▶ DATA EXCERPT:
Content starts

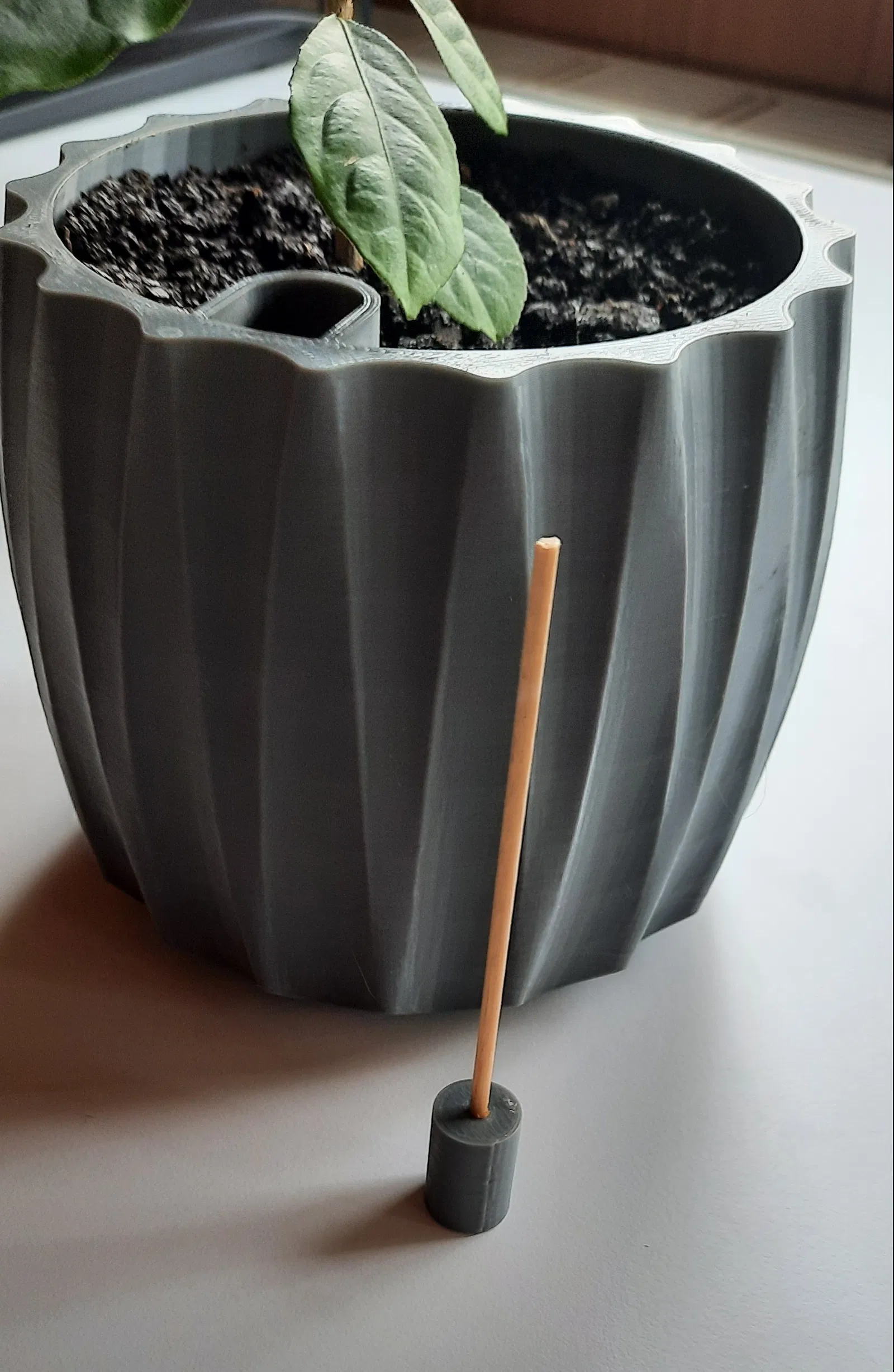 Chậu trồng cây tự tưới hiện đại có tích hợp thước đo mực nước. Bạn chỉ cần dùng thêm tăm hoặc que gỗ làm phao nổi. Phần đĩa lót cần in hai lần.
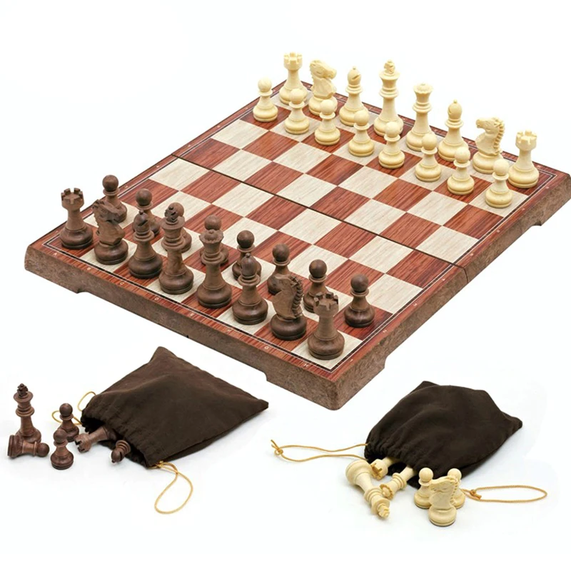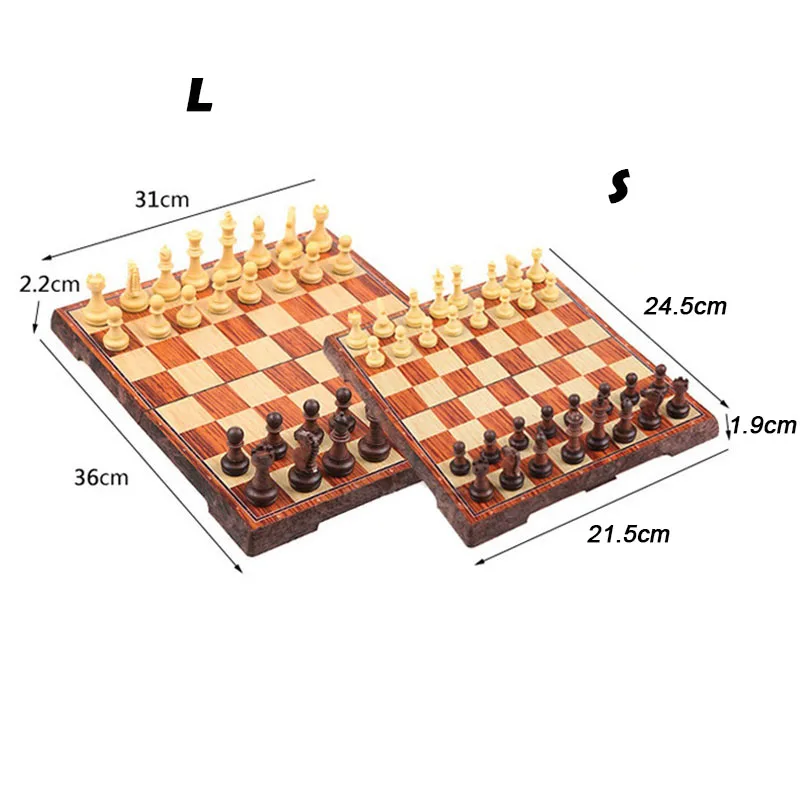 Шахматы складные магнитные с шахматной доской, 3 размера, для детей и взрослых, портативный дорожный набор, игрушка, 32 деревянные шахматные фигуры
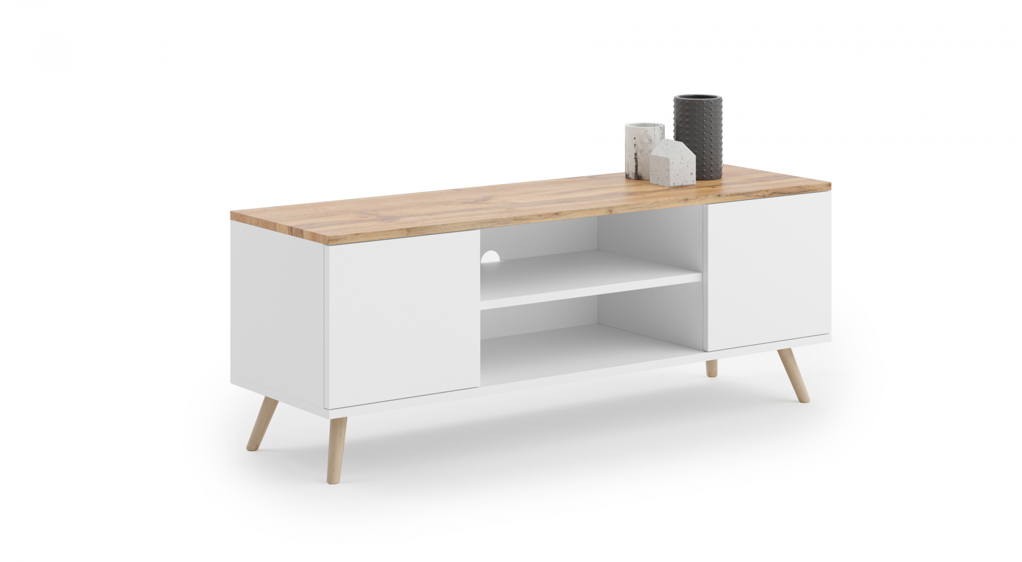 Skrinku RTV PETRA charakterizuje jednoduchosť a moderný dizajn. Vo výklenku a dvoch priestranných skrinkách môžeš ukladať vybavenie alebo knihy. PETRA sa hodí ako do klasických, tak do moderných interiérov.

Content ends

▶ YOUR INSTRUCTIONS: Leave out the pictures and give the rest of the material again, unaltered.

▶ ANSWER SECTION:
 Chậu trồng cây tự tưới hiện đại có tích hợp thước đo mực nước. Bạn chỉ cần dùng thêm tăm hoặc que gỗ làm phao nổi. Phần đĩa lót cần in hai lần.
 Шахматы складные магнитные с шахматной доской, 3 размера, для детей и взрослых, портативный дорожный набор, игрушка, 32 деревянные шахматные фигуры
 Skrinku RTV PETRA charakterizuje jednoduchosť a moderný dizajn. Vo výklenku a dvoch priestranných skrinkách môžeš ukladať vybavenie alebo knihy. PETRA sa hodí ako do klasických, tak do moderných interiérov.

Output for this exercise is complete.